Using the Offer Document to help an Investor make a Mutual Fund Investment Decision

The suitability of a mutual fund to an investor depends upon the features of the scheme and matching it to the needs of the investor from the investment. The legal documents that provide the information that the investor requires is available in the Offer Document and the Key Information Memorandum. The principal questions that an investor needs to find answers for and the sections of the legal documents where they can be found are described below:

1. Is the prospective investor eligible to invest in the scheme?

The segment on New Fund Offer (NFO) and ONGOING OFFER DETAILS in Section III, Sub-Section A and B respectively of the Scheme Information Document (SID) of the Offer Document provides a list of categories of investors eligible to invest in the scheme.

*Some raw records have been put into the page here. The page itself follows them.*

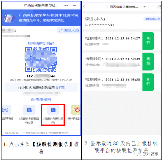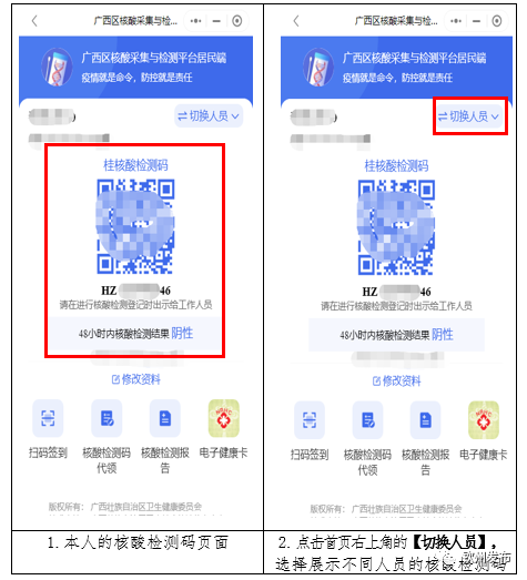用户想查询自己的核酸检测结果可通过桂核酸检测码首页的【核酸检测报告】查询自己的核酸检测结果,也可通过【切换人员】查看代领人员的核酸检测结果。具体操作如下图所示: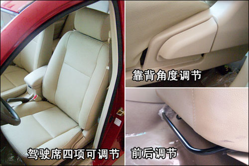 駕駛員座椅為4向手動(dòng)調(diào)節(jié)?勘辰嵌日{(diào)節(jié)為拉桿式,調(diào)節(jié)方便。駕駛員座椅沒(méi)有設(shè)計(jì)腰部支撐,頭枕高低可調(diào)節(jié)。無(wú)側(cè)安全氣囊。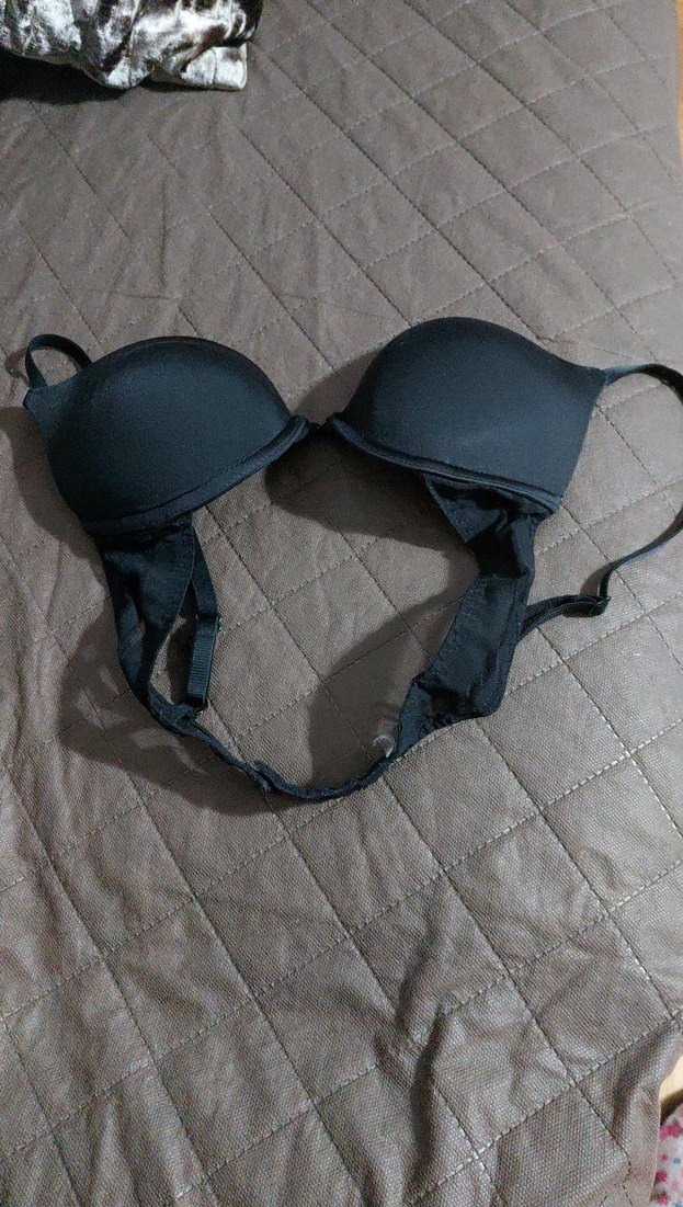 Minimalist siyah sütyen, desensiz ve orta uzunlukta, koyu goth tarzına uygun bir tasarıma sahiptir. kızımın,cok az kullandı kaliteli bır sütyen,maalesef etıketi kesmiş hiçbir kusur yok küçük göğüsler için, sanıyorum 75 bedendir,kıyafetleri 36 bedendi.. yumuşak bir dolgu var (yarım) askılar ince ve ayarlanabılir her zaman pentiden alırdı,muhtemelen marka penti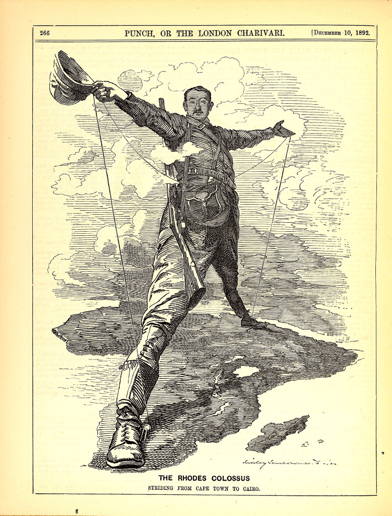 Le Colosse de Rhodes - Marchant du Cap au Caire : Caricature de Cecil John Rhodes, après l'annonce de son projet de ligne télégraphique et de chemin de fer reliant Le Cap au Caire. Publiée dans Punch, ou le London Charivari, le 10 décembre 1892. (Collections numériques de la bibliothèque de l'université Cornell, provenant de Persuasive Maps/Wikimedia Commons)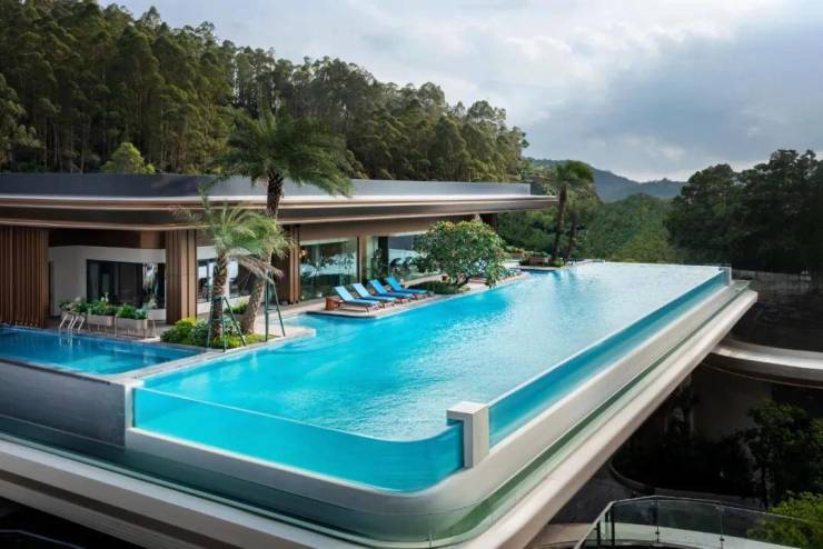 要知道,如此奢华的无边际泳池,因其造价高昂且工艺繁琐,在广州市面上并不多见,通常仅在那些千万级豪宅或高端酒店的配置中出现。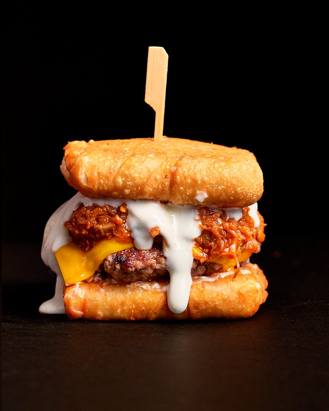 Roastbeef con queso americano, pulled de cerdo en salsa barbacoa.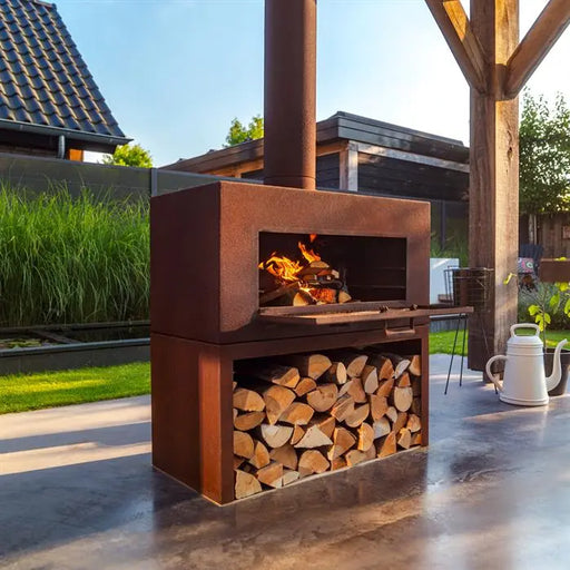 Alle gegevens bekijkenTuinhaard Cortenstaal met Pizzaoven 55 x 49 x 120 cm Buitenhaard | Buitenkachel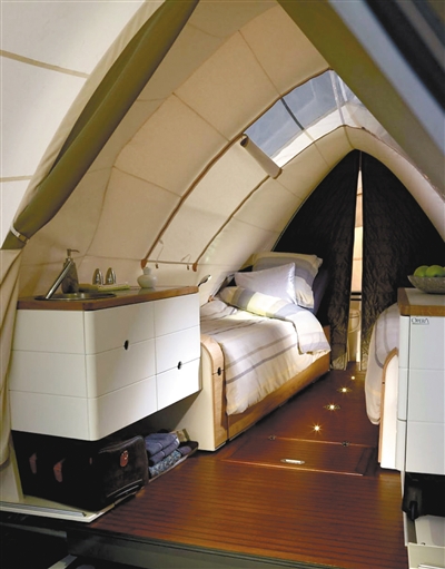 这款以悉尼歌剧院为设计灵感的房车由设计师Axel Enthoven打造,在造型新奇且美观的车顶之外,房车内部也可谓设备齐全、应有尽有:木质走廊、实木打造的桌椅和床、LED灯温控红酒柜、咖啡吧……此外当然也包括洗浴设备、陶瓷马桶和电暖气。其厨房可以提供热水,甚至还有容量为36L的冰箱。
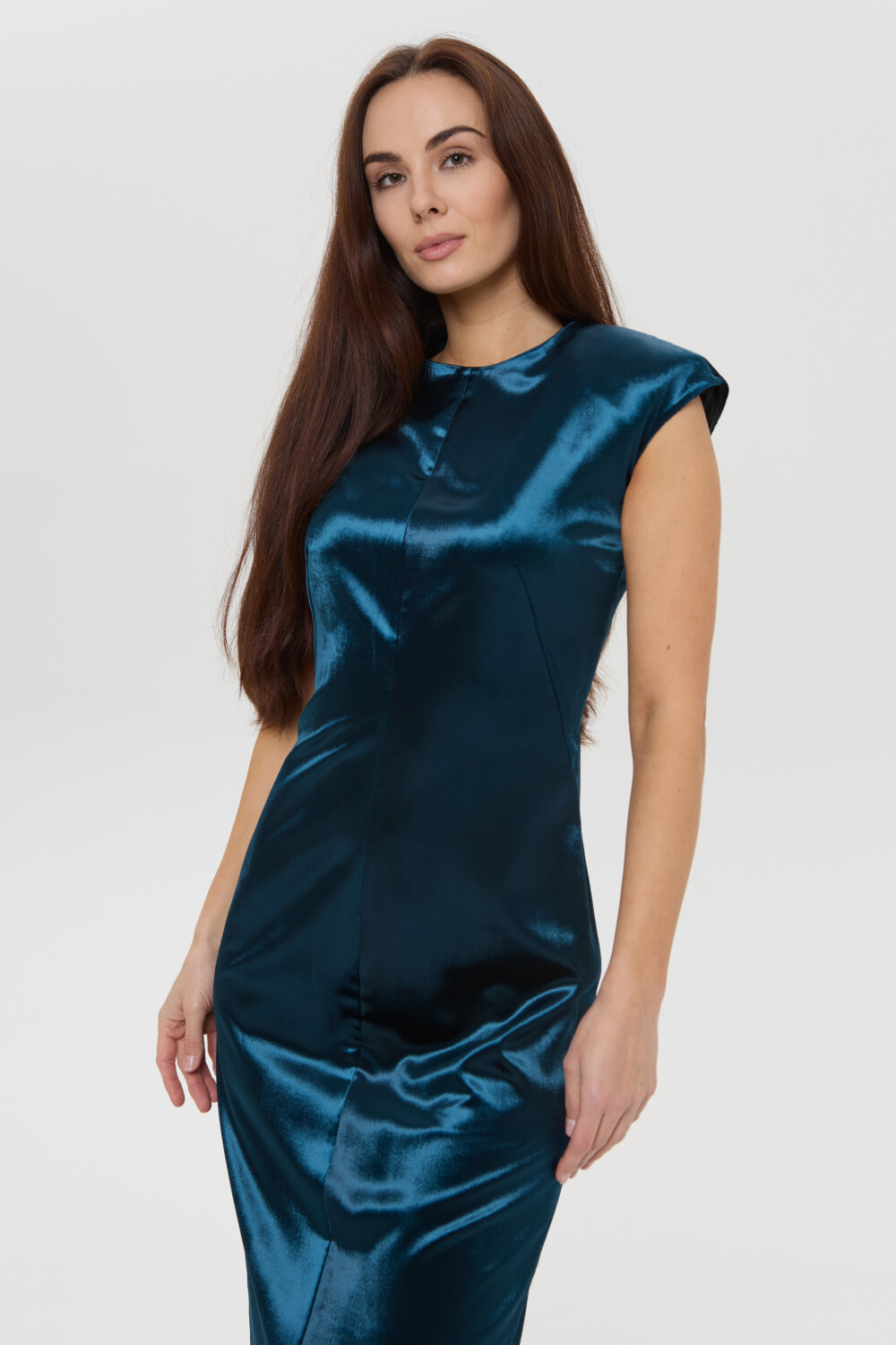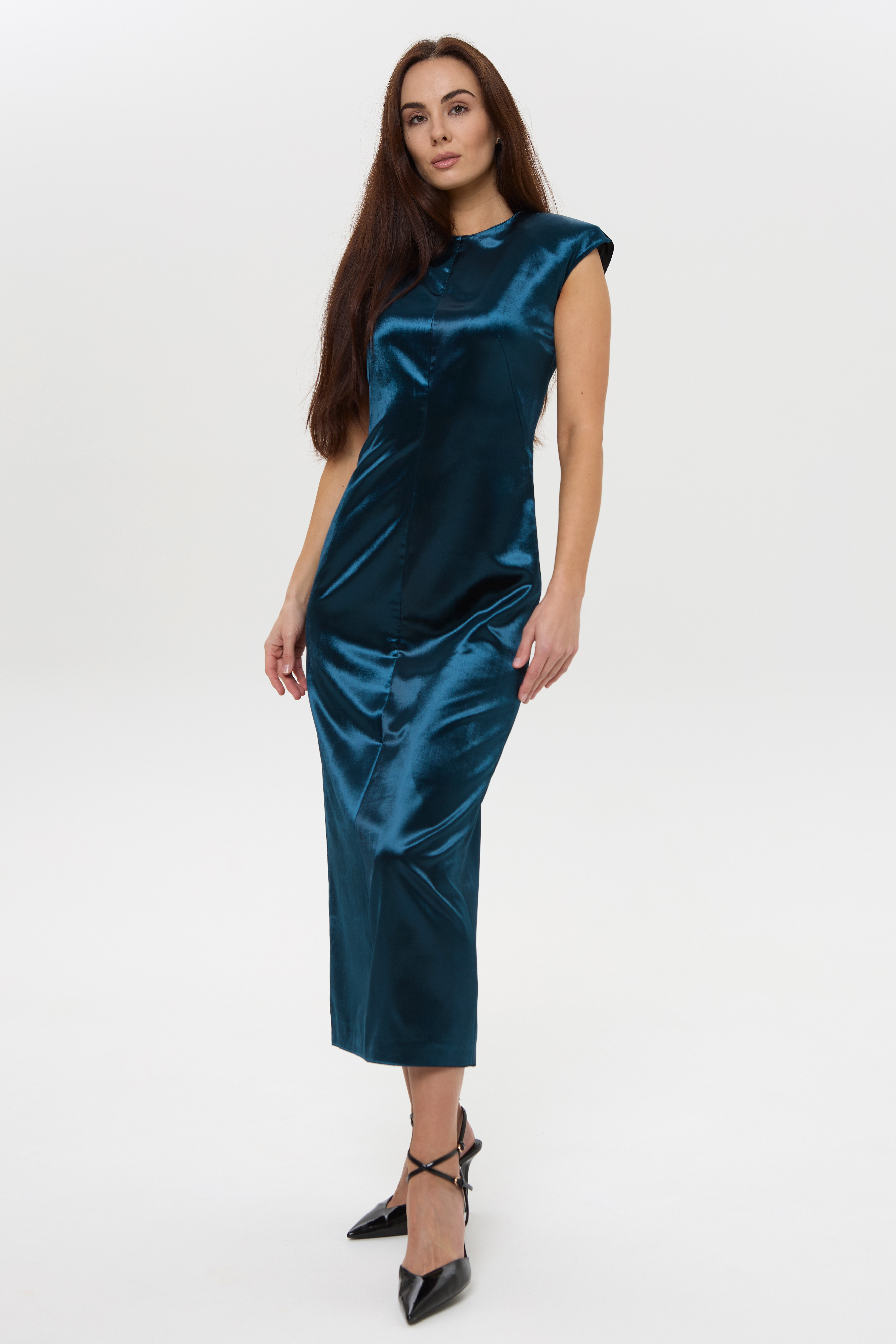 Suknelė pasiūta iš struktūriško, bet lengvai krentančio aksominio audinio, kuris išlaiko formą, bet leidžia kūnui judėti. Priklausomai nuo apšvietimo, audinio spalva subtiliai kinta, atskleisdama skirtingus mėlynus atspalvius. Nugaros linijoje paslėptas užtrauktukas, o subtilus skeltukas nugaroje suteikia lengvumo judesiui ir papildomos elegancijos. Jokio pertekliaus tik švarios linijos ir tiksliai apgalvoti akcentai.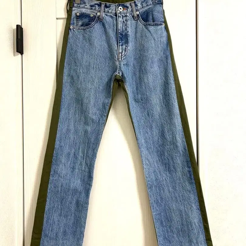 초기 레어 투데이풀 이소재 바이컬러 데님 팬츠 26인치 허리 72cm 밑위 28cm 인심 78cm 눈에 띄는 상처나 얼룩은 보이지 않습니다. 새상품급입니다. 주관적이지만 10점 만점에 9점 정도입니다.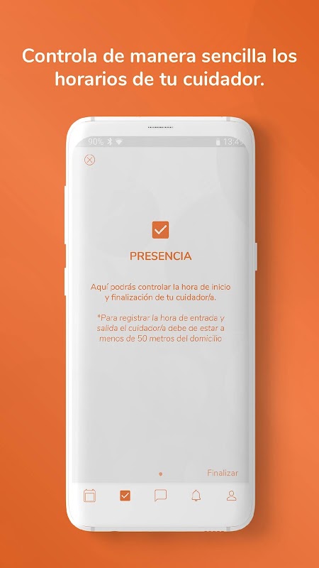 برنامه miCuidum همچنین دارای کنترل حضور است که به شما امکان می دهد تا دقیق لحظه ای را بدانید که مراقبت کننده شروع به انجام وظایف و همچنین در پایان روز کار خود می کند.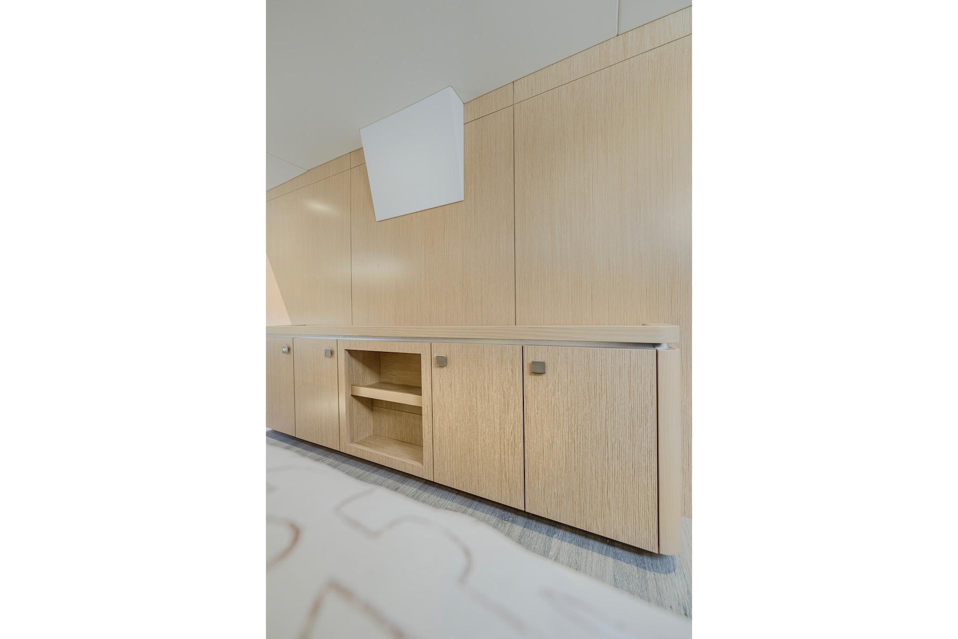 Storage Capacity -Storage capacity is essential for extended time aboard. A dedicated wardrobe in the master suite, a floor to ceiling pantry and large capacity fridge and freezer in addition to a well-appointed galley with plenty of cupboards and counter space are just a start. Also as important are spaces to store wet or bulky items such as fenders and additional sails. Theres also a dedicated location for an easy to deploy life raft in the cockpit that doesnt interfere with the flow of movement.
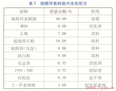 ①內(nèi)涂層配方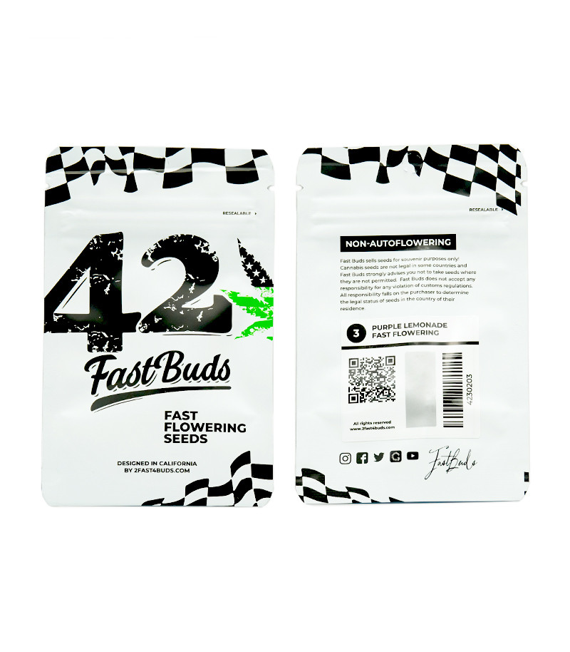 Сорт конопли Purple Lemonade FF – это быстрорастущий фотопериодный гибрид из новой коллекции FastBuds. Его соцветия созревают всего за 7 недель, приобретая фиолетовый окрас и наполняясь 25 % ТГК. Их вкусовые качества представляют собой лимонадную свежесть, а эффект – это яркий воодушевляющий high.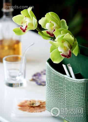 6.蕙蘭幾乎是百搭的花材,似乎無(wú)論將它放在哪個(gè)位置都能出彩。書桌上草綠色的革質(zhì)便簽盒有著不一樣的質(zhì)感,恰好可以和同色系嬌嫩的淡綠花朵作呼應(yīng)。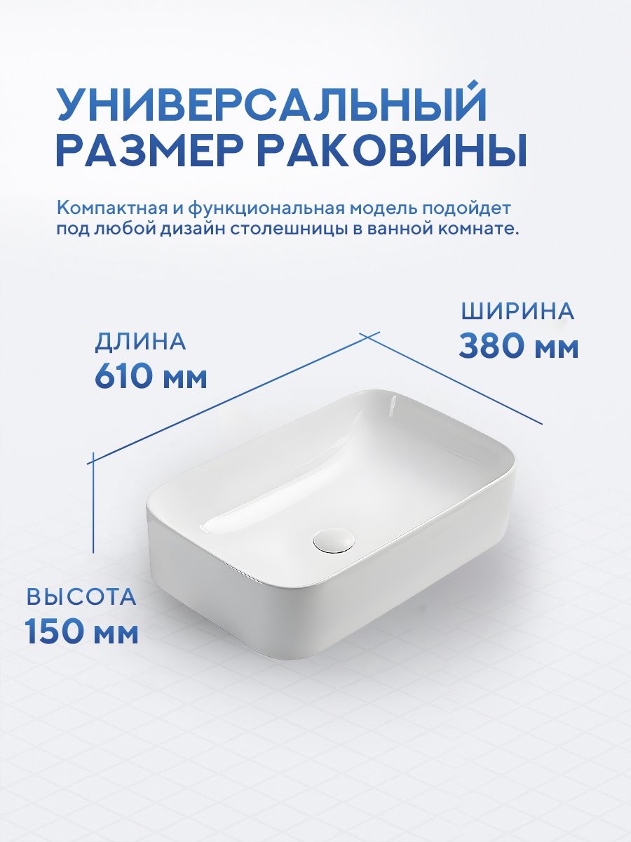 Раковина для ванной накладная Amore di Mare Vivaro 61302-RR 61x38 белый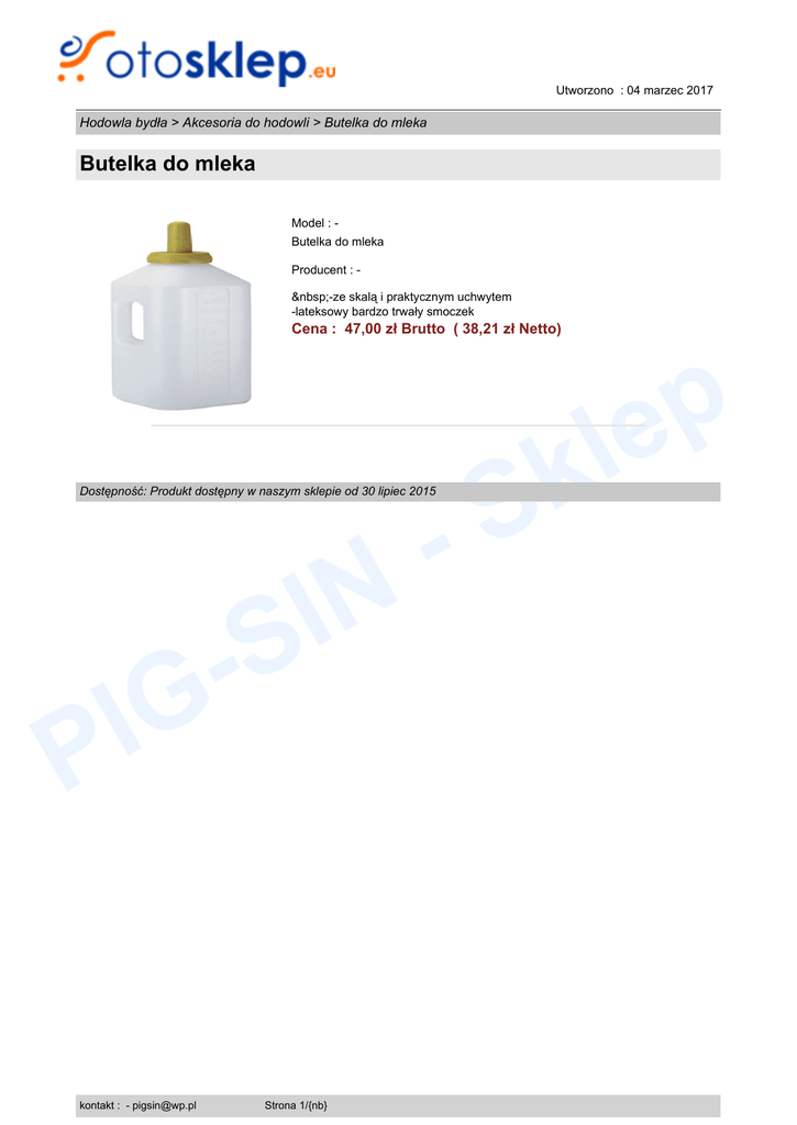 Utworzono : 04 marzec 2017 Hodowla bydła > Akcesoria do hodowli > Butelka do mleka Butelka do mleka Model : Butelka do mleka Producent : -ze skalą i praktycznym uchwytem -lateksowy bardzo trwały smoczek Cena : 47,00 zł Brutto ( 38,21 zł Netto) Dostępność: Produkt dostępny w naszym sklepie od 30 lipiec 2015 G I P kontakt : - [email protected] N I -S Strona 1/{nb} p e l k S

Typically this includes Resident adult individuals, Karta of Hindu Undivided Family, Minors through parents/legal guardians and, where permitted by the prevalent laws and regulations and their respective Constitution, investor categories including Partnership Firms and Limited Liability Companies, Companies, Bodies Corporate, Public Sector Undertakings, Association of Persons, Bodies of Individuals and Societies registered under the Societies Registration Act, 1860 and Co-operative Societies registered under the Co-operative Societies Act, Banks (including Co-operative Banks and Regional Rural Banks) and Financial Institutions, Mutual Funds/Alternative Investment Funds registered with SEBI, Religious and Charitable Trusts, Non-Resident Indians, Persons of Indian Origin, Foreign Portfolio Investor registered with SEBI; Army, Air Force, Navy and other paramilitary units and bodies created by such institutions; Scientific and Industrial Research Organizations; Multilateral Funding Agencies/Bodies Corporate incorporated outside India with the permission of Government of India/ Reserve Bank of India; Provident/ Pension/ Gratuity funds subject to their permissible investment limits and such other category of investors as may be decided by the AMC/ Trustee from time to time in conformity with the applicable laws and SEBI (MF) Regulations.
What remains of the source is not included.